Ideally we would figure out what part of this input is causing issues and, assuming it's truly invalid in some way, either prune out the invalid characters and return an HTTP 200, or return an HTTP 400 if we can't reasonably do that.
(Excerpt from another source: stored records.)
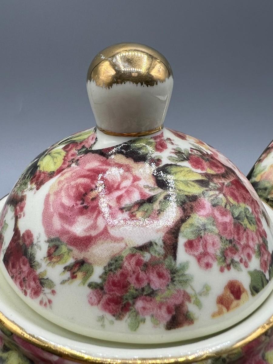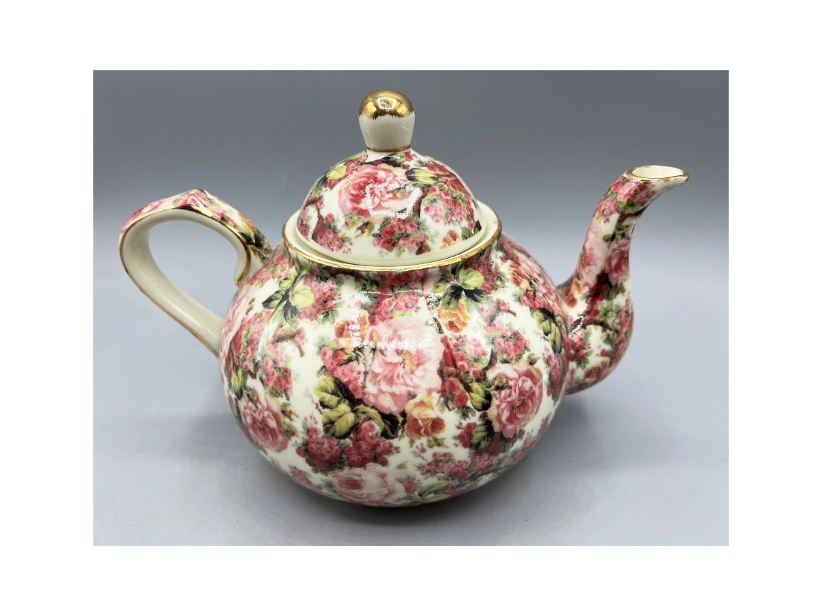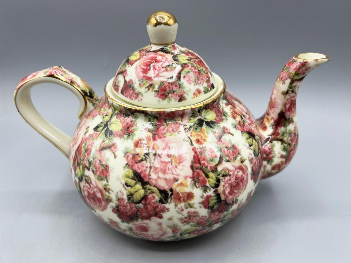Baum Bros Formalities Ceramic Pink Rose Flower Pattern Teapot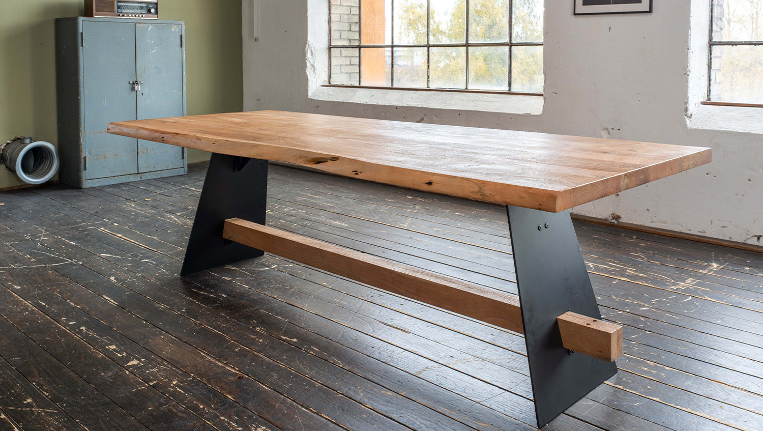 La mesa de madera maciza ARBORIO de KAWOLA convence por su elegante diseño y sus materiales de alta calidad. La superficie del tablero de madera maciza de acacia está cepillada y es de color roble, lo que acentúa a la perfección el veteado natural de la madera. Impresiona con su característico borde de árbol, que refleja el crecimiento natural de la madera. Cada tablero es único y confiere a su comedor un ambiente cálido y acogedor. Disponible en longitudes de 200 cm, 220 cm, 240 cm, 260 cm, 280 cm y 300 cm, la mesa ofrece el espacio perfecto para cenas elegantes o veladas sociales. El bastidor de base rústico soldado y lacado en negro en diseño industrial confiere a la mesa un toque moderno e industrial. La Mesa de comedor ARBORIO combina funcionalidad y sofisticación estética. Ya sea como centro de mesa en el comedor o como elemento destacado en espacios abiertos, esta mesa es toda una declaración de diseño moderno y acabado de alta calidad.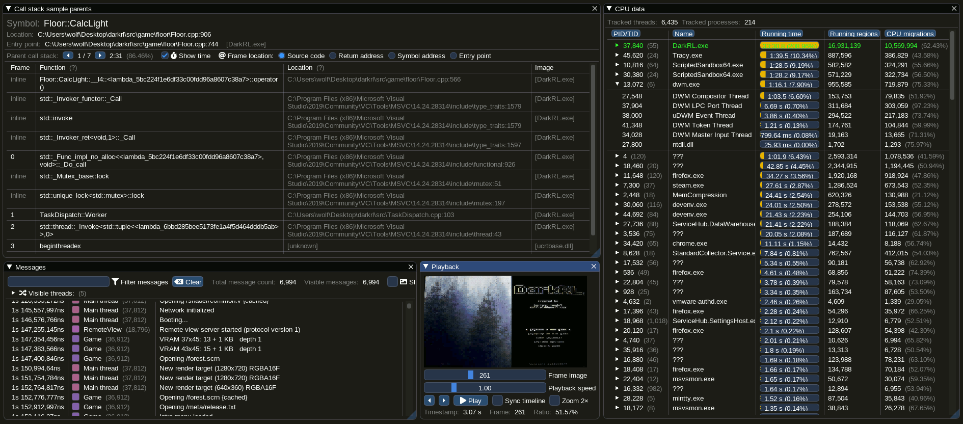 A real time, nanosecond resolution, remote telemetry, hybrid frame and sampling profiler for games and other applications.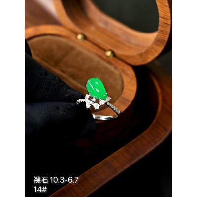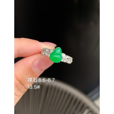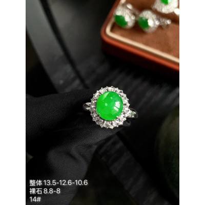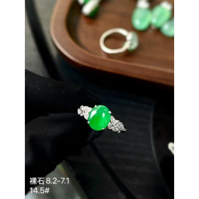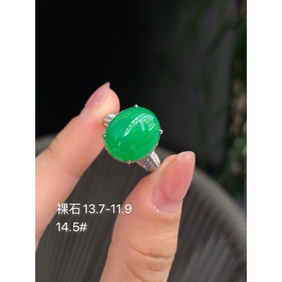 【翡翠戒指】满绿蛋面戒指,色阳,翠绿珠圆,水润饱满,亮亮的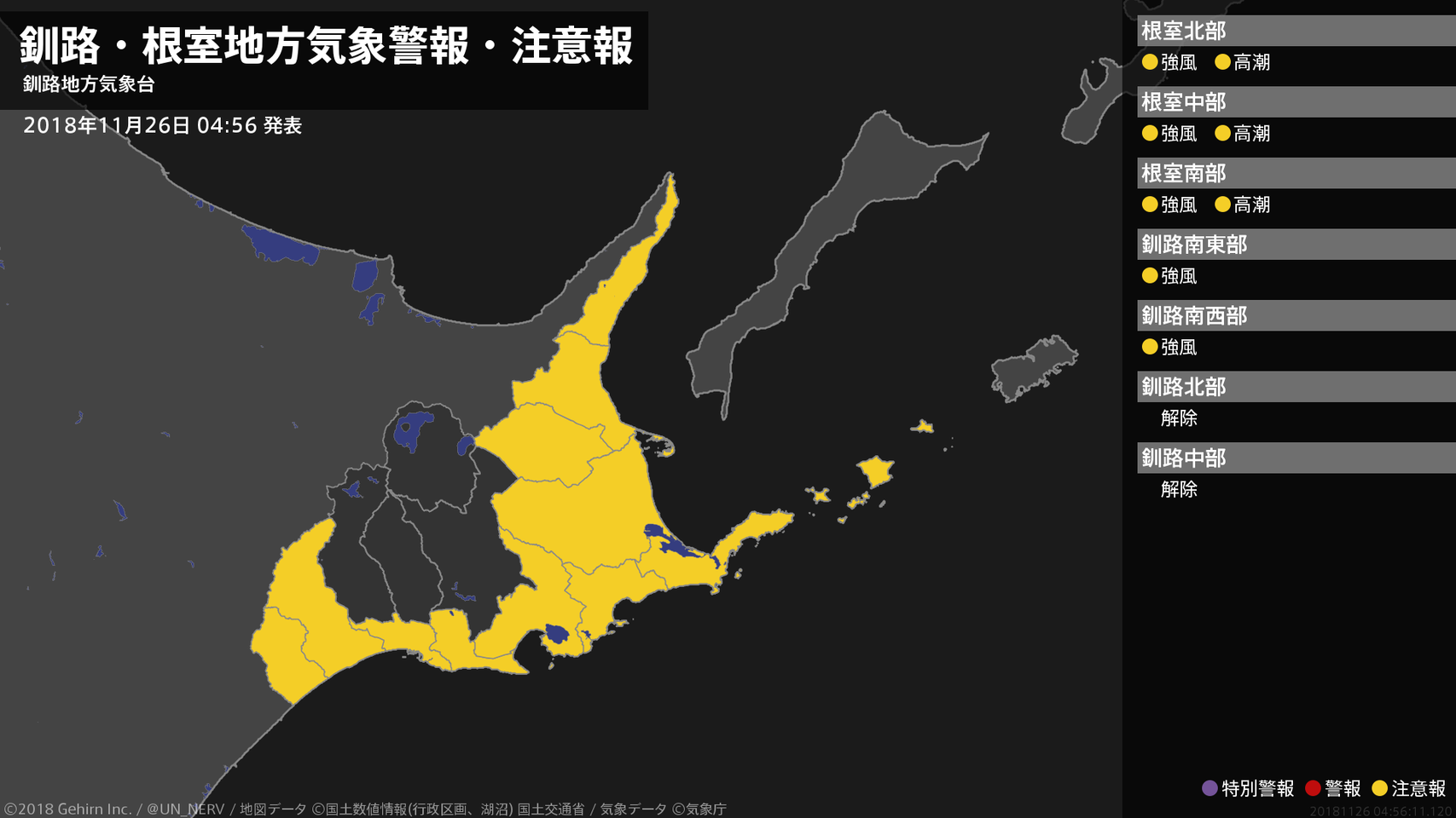 【釧路・根室地方 気象警報・注意報 2018年11月26日 04:56】根室、釧路地方では、26日昼前まで強風に注意してください。根室地方では、26日昼過ぎから26日夕方まで高潮に注意してください。#気象警報注意報 #根室地方 #釧路地方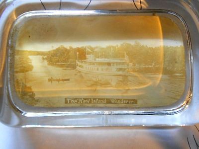 RARE VTG Thousand Islands NY Steamer Boat New Island Wanderer glass paperweight

Could this possibly due to how your terminal is handling the encoding?
I find the way my Mac handles copy->pasting URLs unintuitive sometimes compared to Linux.

You probably tried this already, but does the behaviour change when you wrap your url in single quotes on the CLI?

Okay, we think we tracked down the problem here. It looks like, because the code we use to trim the text parameter is not unicode aware, it can trim the input in the middle of UTF-8 multibyte characters:

text = text.substring(0, MAX_TEXT_LENGTH);

There are packages like unicode-substring that can handle this in a safer way, and we might end up using one of those.

Some other details:

  • it doesn't look like a terminal encoding issue
  • Apparently Firefox in particular does something that makes this query work in the browser. Chrome behaves the same as curl 🤷

it seems that this bug is the cause of the issue.

I can confirm that #1577 fixed this and the query shown above no longer causes a 500 error with API version v5.34.0.

Also, the issue with browsers modifying the request seems to be limited to Firefox only. Chrome was able to reproduce the error just fine. Interesting.